• _Material shown_
*** Block opens ***
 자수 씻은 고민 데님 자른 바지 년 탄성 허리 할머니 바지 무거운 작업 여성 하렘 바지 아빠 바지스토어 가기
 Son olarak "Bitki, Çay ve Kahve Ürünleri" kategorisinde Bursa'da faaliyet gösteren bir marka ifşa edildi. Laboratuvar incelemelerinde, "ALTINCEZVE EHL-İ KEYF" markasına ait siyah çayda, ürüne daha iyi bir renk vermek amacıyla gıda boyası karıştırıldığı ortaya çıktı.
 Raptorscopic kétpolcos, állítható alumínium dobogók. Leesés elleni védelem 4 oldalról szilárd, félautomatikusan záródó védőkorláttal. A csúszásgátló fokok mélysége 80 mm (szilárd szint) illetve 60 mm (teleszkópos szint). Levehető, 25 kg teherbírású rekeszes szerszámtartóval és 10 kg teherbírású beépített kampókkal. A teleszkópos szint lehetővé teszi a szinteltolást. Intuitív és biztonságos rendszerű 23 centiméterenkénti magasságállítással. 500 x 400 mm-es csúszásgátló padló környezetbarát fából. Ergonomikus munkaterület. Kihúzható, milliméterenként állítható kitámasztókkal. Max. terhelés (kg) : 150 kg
*** Block closes ***
*** Block opens ***
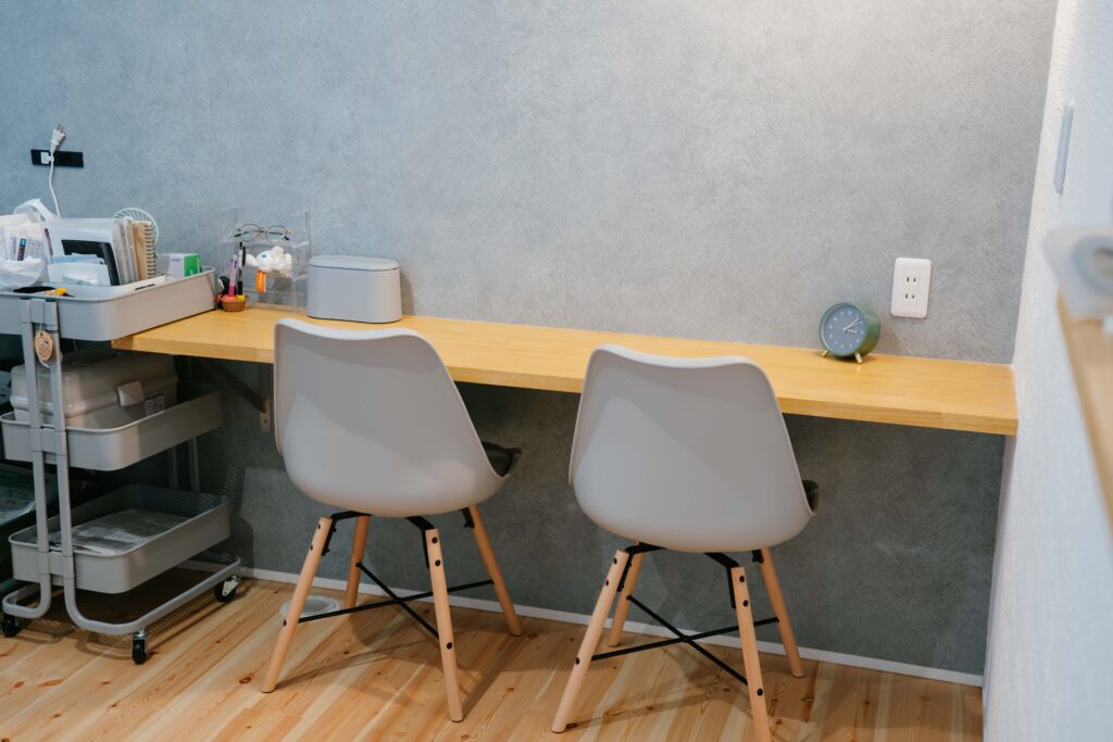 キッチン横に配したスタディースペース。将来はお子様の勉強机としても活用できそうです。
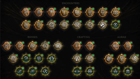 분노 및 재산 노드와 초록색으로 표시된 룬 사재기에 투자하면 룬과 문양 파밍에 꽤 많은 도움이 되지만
*** Block closes ***
*** Block opens ***
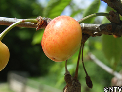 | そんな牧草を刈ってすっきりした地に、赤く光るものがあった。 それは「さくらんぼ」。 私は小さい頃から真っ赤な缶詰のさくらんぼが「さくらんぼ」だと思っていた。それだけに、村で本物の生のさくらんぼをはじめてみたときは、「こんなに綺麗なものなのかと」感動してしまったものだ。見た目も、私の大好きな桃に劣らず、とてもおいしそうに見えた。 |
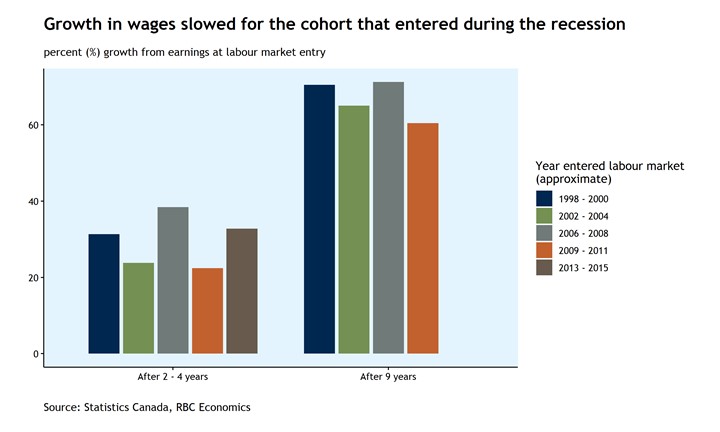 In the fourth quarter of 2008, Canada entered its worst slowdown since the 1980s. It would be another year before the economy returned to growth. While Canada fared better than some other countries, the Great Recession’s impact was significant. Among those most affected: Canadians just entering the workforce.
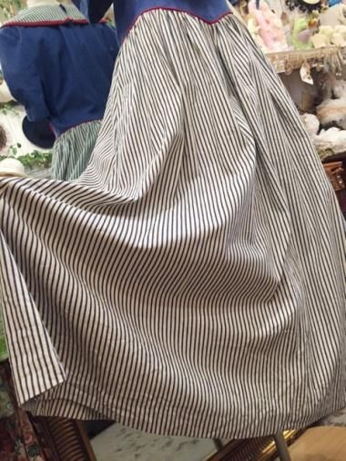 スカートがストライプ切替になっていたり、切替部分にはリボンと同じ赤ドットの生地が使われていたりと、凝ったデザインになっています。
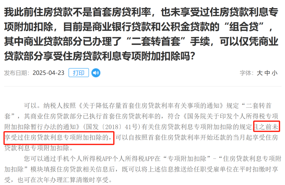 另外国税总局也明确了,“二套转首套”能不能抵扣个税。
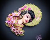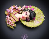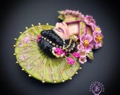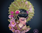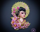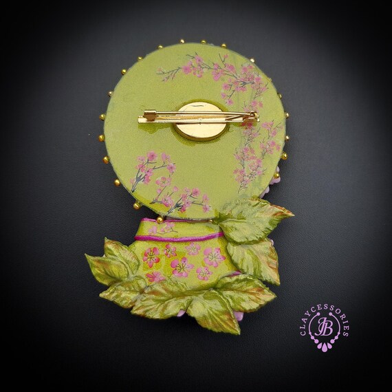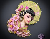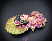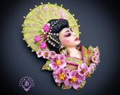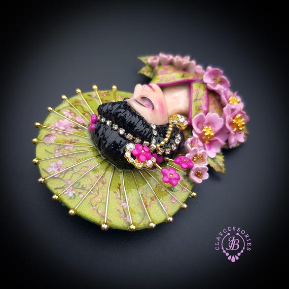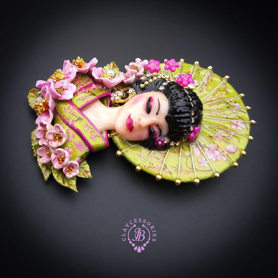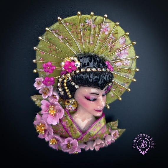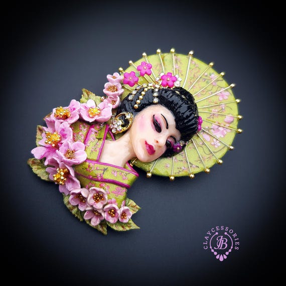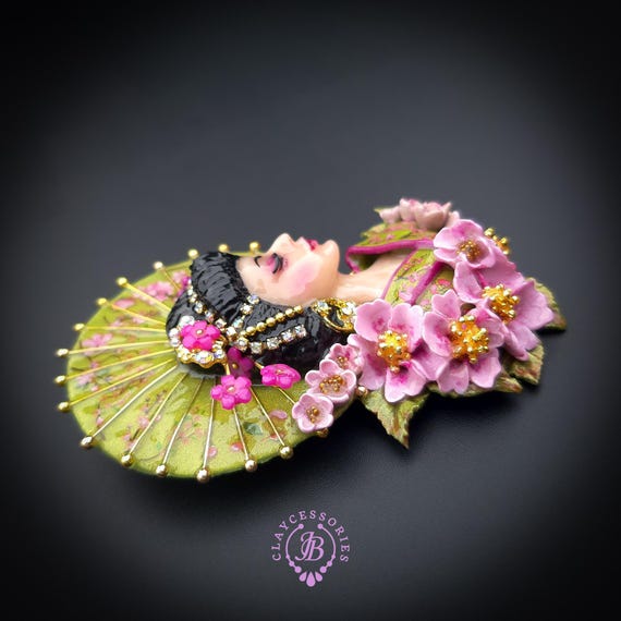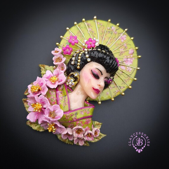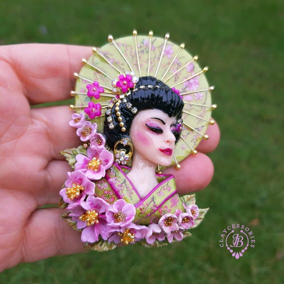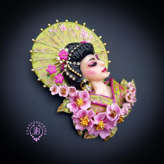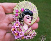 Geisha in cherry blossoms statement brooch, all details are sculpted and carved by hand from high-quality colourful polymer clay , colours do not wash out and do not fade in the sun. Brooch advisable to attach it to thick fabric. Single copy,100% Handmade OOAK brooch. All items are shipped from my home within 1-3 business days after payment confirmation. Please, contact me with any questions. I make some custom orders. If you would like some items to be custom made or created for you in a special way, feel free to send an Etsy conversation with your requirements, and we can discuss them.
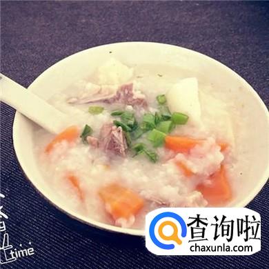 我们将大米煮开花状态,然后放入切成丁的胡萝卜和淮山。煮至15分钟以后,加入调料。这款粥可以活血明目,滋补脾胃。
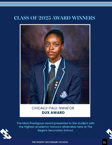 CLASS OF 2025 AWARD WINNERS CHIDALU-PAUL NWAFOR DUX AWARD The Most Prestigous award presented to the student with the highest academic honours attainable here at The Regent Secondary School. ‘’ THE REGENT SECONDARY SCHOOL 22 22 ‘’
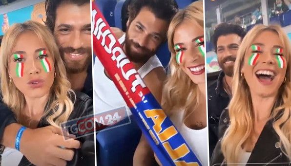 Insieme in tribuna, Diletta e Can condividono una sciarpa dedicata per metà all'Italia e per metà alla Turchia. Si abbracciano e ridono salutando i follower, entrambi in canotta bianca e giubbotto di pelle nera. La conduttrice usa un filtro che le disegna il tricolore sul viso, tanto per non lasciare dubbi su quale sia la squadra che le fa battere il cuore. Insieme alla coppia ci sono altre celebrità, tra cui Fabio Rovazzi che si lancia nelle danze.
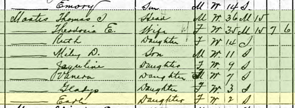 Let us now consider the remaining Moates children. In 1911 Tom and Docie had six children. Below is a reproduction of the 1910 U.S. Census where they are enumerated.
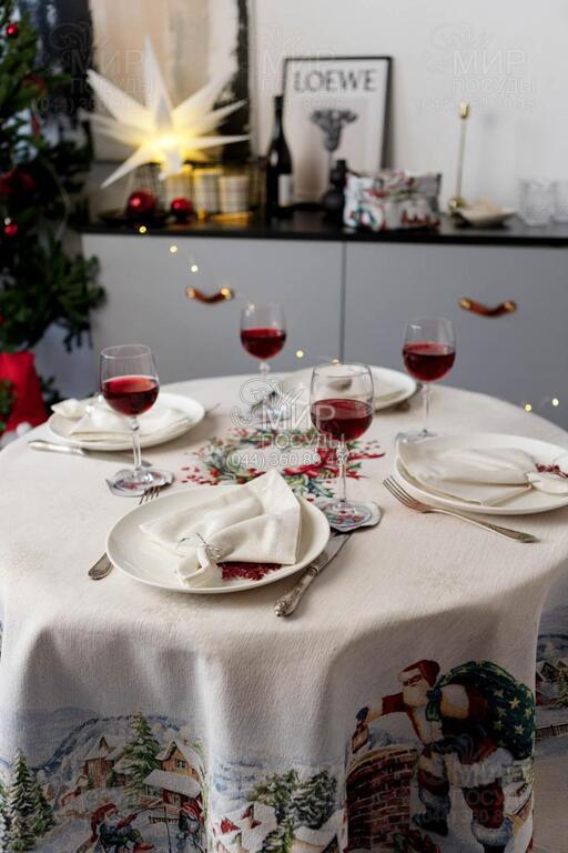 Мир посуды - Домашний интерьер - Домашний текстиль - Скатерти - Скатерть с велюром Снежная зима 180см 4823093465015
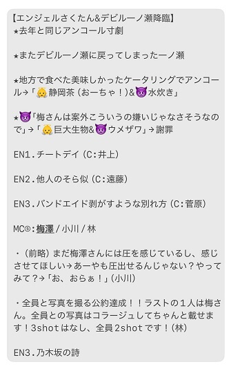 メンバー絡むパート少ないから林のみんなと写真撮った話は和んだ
*** Block closes ***
• _How to complete this task_
Give the lines above again exactly, from the one containing "Geisha in cherry" to the one containing "Insieme in tribuna, Diletta", both included, but leave out the pictures.

• _Exercise result_
 Geisha in cherry blossoms statement brooch, all details are sculpted and carved by hand from high-quality colourful polymer clay , colours do not wash out and do not fade in the sun. Brooch advisable to attach it to thick fabric. Single copy,100% Handmade OOAK brooch. All items are shipped from my home within 1-3 business days after payment confirmation. Please, contact me with any questions. I make some custom orders. If you would like some items to be custom made or created for you in a special way, feel free to send an Etsy conversation with your requirements, and we can discuss them.
 我们将大米煮开花状态,然后放入切成丁的胡萝卜和淮山。煮至15分钟以后,加入调料。这款粥可以活血明目,滋补脾胃。
 CLASS OF 2025 AWARD WINNERS CHIDALU-PAUL NWAFOR DUX AWARD The Most Prestigous award presented to the student with the highest academic honours attainable here at The Regent Secondary School. ‘’ THE REGENT SECONDARY SCHOOL 22 22 ‘’
 Insieme in tribuna, Diletta e Can condividono una sciarpa dedicata per metà all'Italia e per metà alla Turchia. Si abbracciano e ridono salutando i follower, entrambi in canotta bianca e giubbotto di pelle nera. La conduttrice usa un filtro che le disegna il tricolore sul viso, tanto per non lasciare dubbi su quale sia la squadra che le fa battere il cuore. Insieme alla coppia ci sono altre celebrità, tra cui Fabio Rovazzi che si lancia nelle danze.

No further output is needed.